Nichts ist mehr wie vorher in Le Bosc-Roger-en-Roumois. Und der Grund dafür heißt Maxime Hauchard. Der 22-jährige Franzose wuchs hier auf, konvertierte mit 17 Jahren zum Islam und radikalisierte sich zu einem gewalttätigen Extremisten. Vor drei Jahren reiste Hauchard erstmals nach Nordafrika. In Mauretanien besuchte der Konvertit zum Religionsstudium salafistische Koranschulen. Nach seiner Rückkehrer steigerte er sich immer stärker in den Fundamentalismus hinein. Und verschwand urplötzlich.

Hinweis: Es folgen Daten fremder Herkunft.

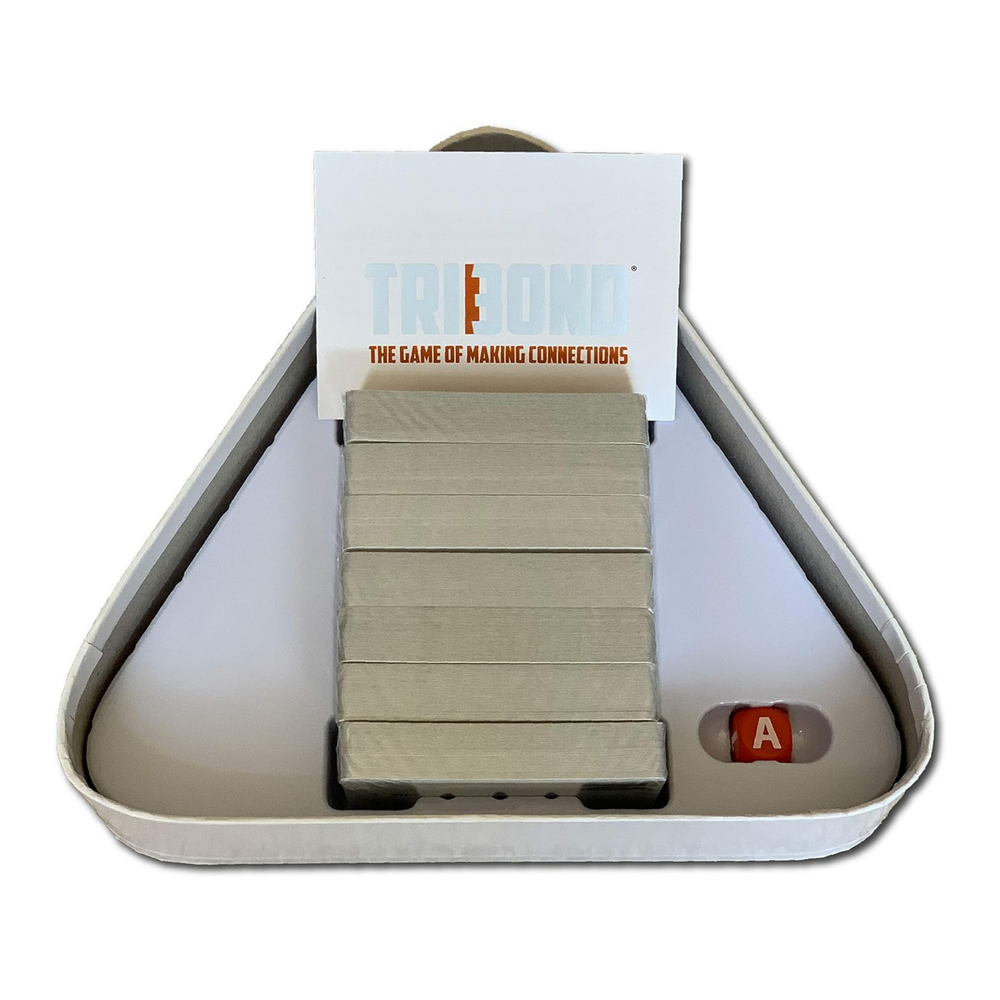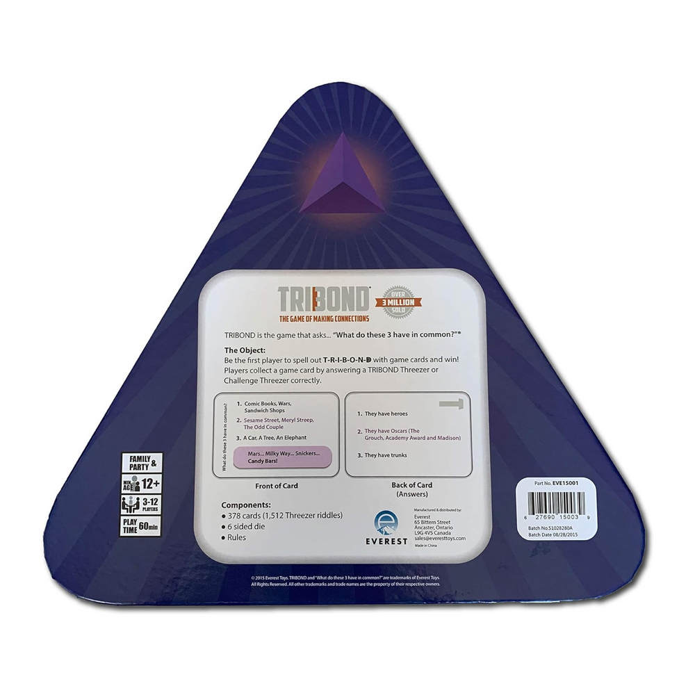 TriBond is the game that asks, “What do these 3 have in common” Be the first player to spell out T-R-I-B-O-N-D with game cards and win. Players collect a game card by answering a TriBond Threezer of Challenger Threezer correctly.

Am vergangenen Sonntag tauchte Maxime Hauchard wieder auf. In einem Video, das die Terrororganisation „Islamischer Staat“ (IS) im Internet veröffentlichte. Der Film mit dem Titel „Auch wenn es den Ungläubigen nicht gefällt“ ist eine Mischung aus blutigstem Splatter-Movie und hochprofessioneller Kameraarbeit im Dokumentar-Stil. Zu sehen sind mehr als ein Dutzend IS-Dschihadisten, die gefangene syrische Soldaten enthaupten. Einer der Mörder ist der Franzose Maxime Hauchard.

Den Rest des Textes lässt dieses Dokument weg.